If you stink or your tank does, clean it.

The phytocide is called high O2  

I think unless you measure O2 over the course of a day with a data logger, and say....CO2 at the same time, only then can you make some predictions about respiration of fish.

Here's an example from a mazzei driven Aquarium:




As you can clearly see, when you take the reading at one point in time does not tell you what is occuring really.
Same is true for O2.

Some aquariums likely have no such need for aeration at night or adjustment.
Amano's little bit about raising the lily pipe is reactionary......it is not about looking into why one aquarium vs another requires degassing, more O2 or understanding why fish gasp in one, but not the other/fish respiration etc.

This is why know why and looking into that, is important.
Very important if you ask me, it allows us to add more CO2, better O2 levels for fish etc.
CO2 kills more fish than any other single thing.

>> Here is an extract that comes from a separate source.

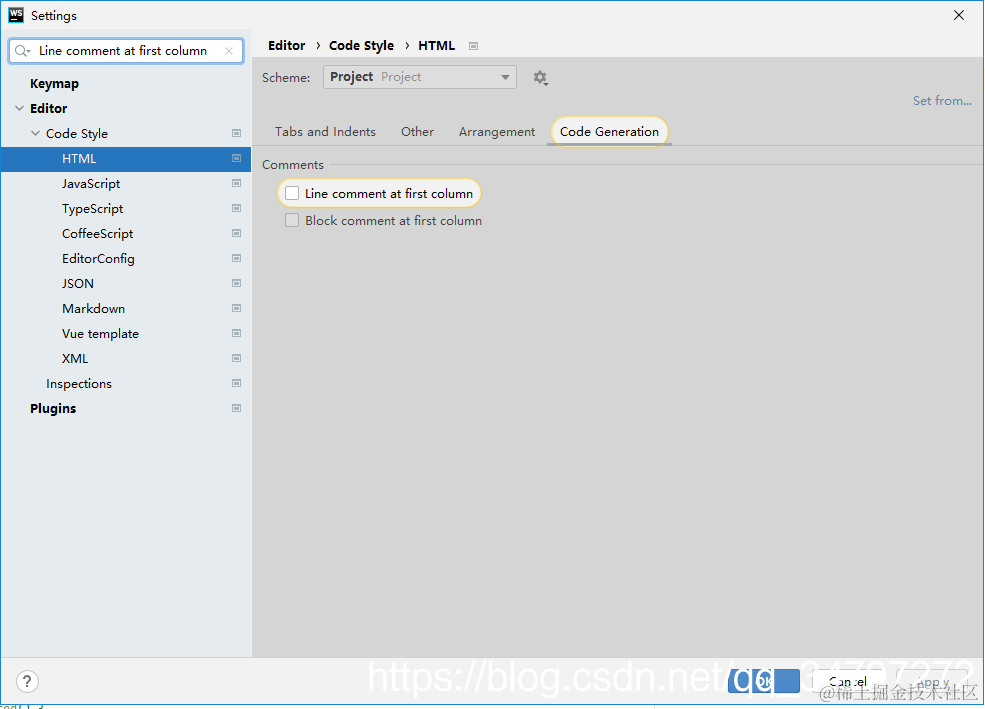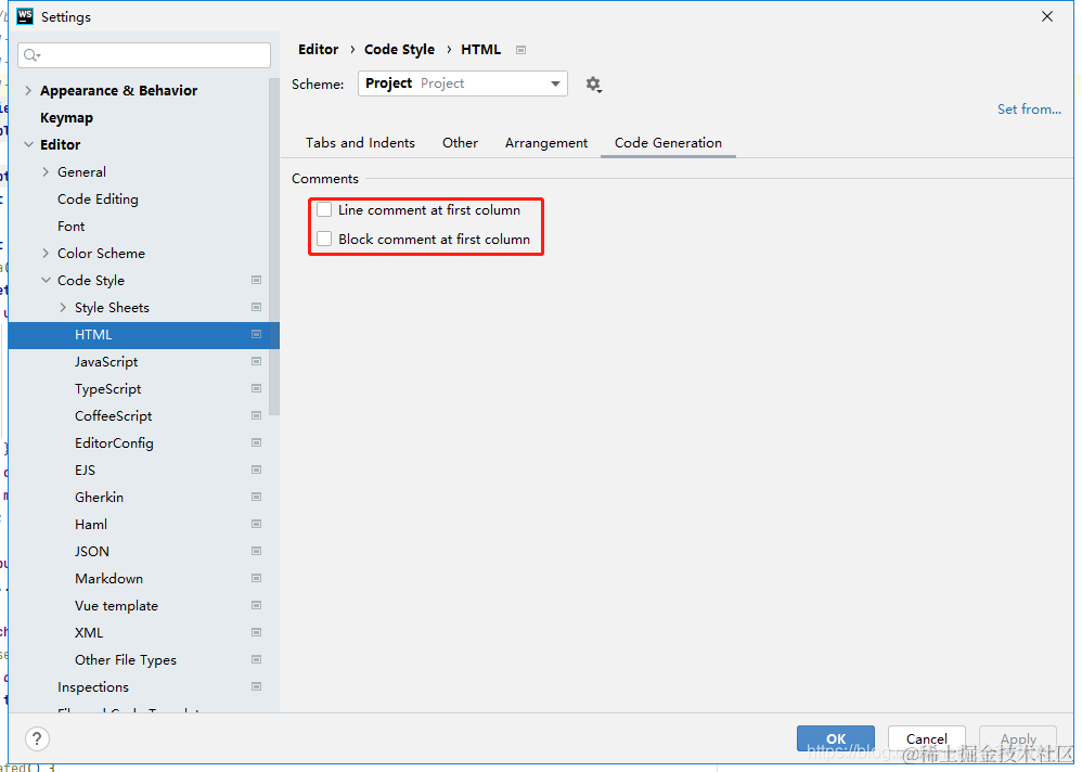 IDEA中注释的缩进(避免添加注释自动到行首) 爱宇阳 2023-02-06 284 阅读1分钟 以 WebStrom 为例,依次打开 Settings -- Editor -- Code Style -- HTML -- Code Generation,取消 Line comment at first column (行)、Block comment at first column(块) 选择 -- OK 也可以直接搜索 Line comment at first column 或者 Block comment at first column

Amano has killed plenty of fish with CO2, ask him.
Read Book 1, he has an example and mentioned it.

In an ideal world, dosing daily, making adjustments daily sounds nice, but it's not realistic nor hardly everyone's goal.

Wiser to engineer things to account for human factors, errors and habits(all of which are different person to person).

Regards, 
Tom Barr


Regards, 
Tom Barr


----------



## andyh (9 Sep 2009)

I have taken the plunge and fitted an Air pump (eheim 200) and got it on a timer come on after lights out and goes off before the Co2 starts. Will give feedback on how its goes.

The ehiem air stone is a little different! Grey thing at the back.


----------



## Anonymous (7 Jan 2011)

Any feedback andyh after 1 year? 

I didn't want to open another topic on this so I've posted here my questions:

What is the optimum oxygen level range in a high-tech planted tank? What is the best practice to keep that level? Does waste in external filters influences COD (Chemical Oxygen Demand) or it's not relevant, if it is, how often should the canister be cleaned?

Cheers,


----------



## Arana (7 Jan 2011)

I have an airpump on a timer that comes on at night and both the plants and the fish seem to really appreciate it


----------



## andyh (7 Jan 2011)

binned it after a week, it drove off all the co2 and caused a STAGHORN out break due to co2 instability!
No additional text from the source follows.